According to an Iranian source who spoke on condition of anonymity, over the past three decades Iran has been able to buy — paying a premium of from 10 to 40% — both Boeing parts and old planes from third parties.
Iran would prefer to buy such parts directly from Boeing as well as to purchase new jets.
In addition to spare aircraft parts, the P5+1 (the five permanent members of the UN Security Council plus Germany) have offered Iran fuel and safety upgrades for a reactor in Tehran that makes medical isotopes. In return, Iran has been asked to stop production of 20% enriched uranium, send out its stockpile of more than 100 kilograms of that uranium and close a facility buried in a mountain near Qom where much of the enrichment takes place.
The offer is less generous than one made in 2008 under the Bush administration.
A June 14, 2008 letter to then-Iranian Foreign Minister Manuchehr Mottaki from the foreign ministers of the P5+1 states lists a variety of trade and investment incentives including “the possible removal of restrictions on manufacturers exporting aircraft to Iran” in return for Iran suspending its uranium-enrichment program.

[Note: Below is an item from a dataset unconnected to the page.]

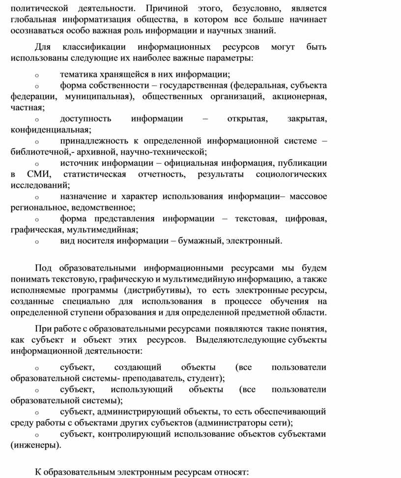 При работе с образовательными ресурсами появляются такие понятия, как субъект и объект этих ресурсов. Выделяют следующие субъекты информационной деятельности:

Iran, which suspended some aspects of its nuclear program from 2003 to 2005, has hinted that it would stop enriching uranium to 20% but only in return for recognition of what Iran regards as its right to enrich uranium to lower grades. Iran also seeks postponement of upcoming European sanctions on Iranian oil and the transfer of Iran’s nuclear file from the UN Security Council — where it was referred in 2006 — back to the International Atomic Energy Agency.
A third round of talks between Iran and the P5+1 is scheduled June 18-19 in Moscow. It is hard to foresee a breakthrough given what is on offer to Iran.